▶ **TASK TO CARRY OUT**
Skip the pictures, please, and write out exactly every line from the one containing "Physocarpus opulifolius Nugget" through the end of the listing below.

▶ **DATA BLOCK**
#####
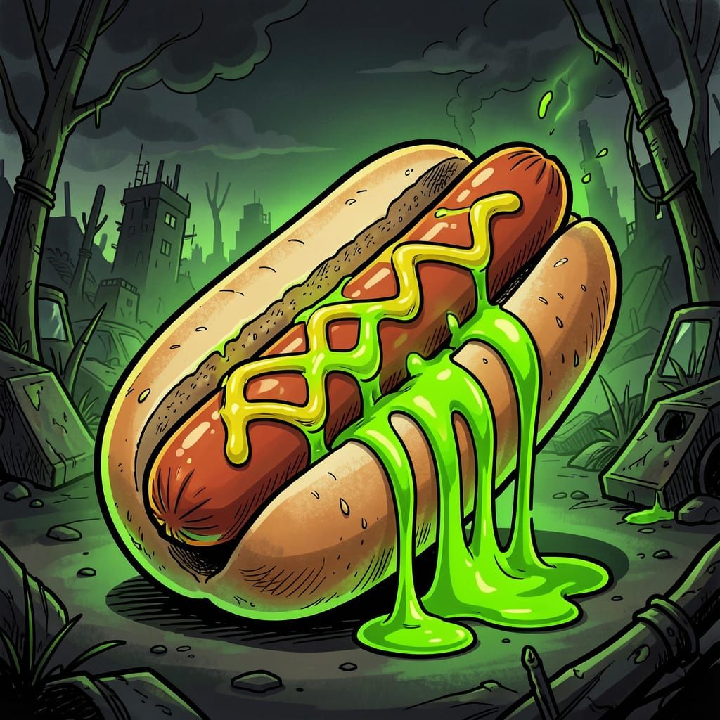 A cartoon-style hot dog oozes glowing green poison in a dark, toxic wasteland. Dramatic lighting and bold outlines create a sense of unease and dark humor.
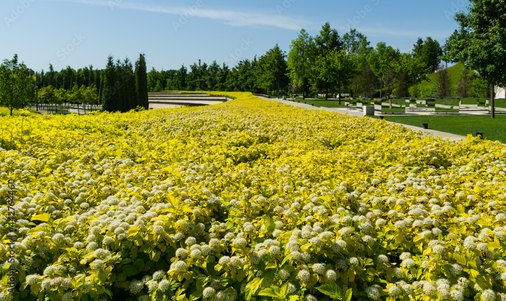 Physocarpus opulifolius Nugget or Ninebark with golden leaves on terraces in public landscape city park Krasnodar or Galitsky. Spring landscape, fresh wallpaper with copy space
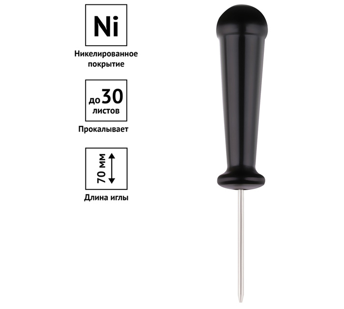 Большое канцелярское шило используется для прошивки документов и прокалывания бумаги. Цвет пластиковой рукоятки - черный. Диаметр шила 3 мм, длиной 70 мм, общая длина шила 150 мм. Имеет никелевое покрытие. Изделие может обеспечить прокалывание до 30 листов бумаги за один прокол.
#####
▶ **YOUR RESPONSE**
 Physocarpus opulifolius Nugget or Ninebark with golden leaves on terraces in public landscape city park Krasnodar or Galitsky. Spring landscape, fresh wallpaper with copy space
 Большое канцелярское шило используется для прошивки документов и прокалывания бумаги. Цвет пластиковой рукоятки - черный. Диаметр шила 3 мм, длиной 70 мм, общая длина шила 150 мм. Имеет никелевое покрытие. Изделие может обеспечить прокалывание до 30 листов бумаги за один прокол.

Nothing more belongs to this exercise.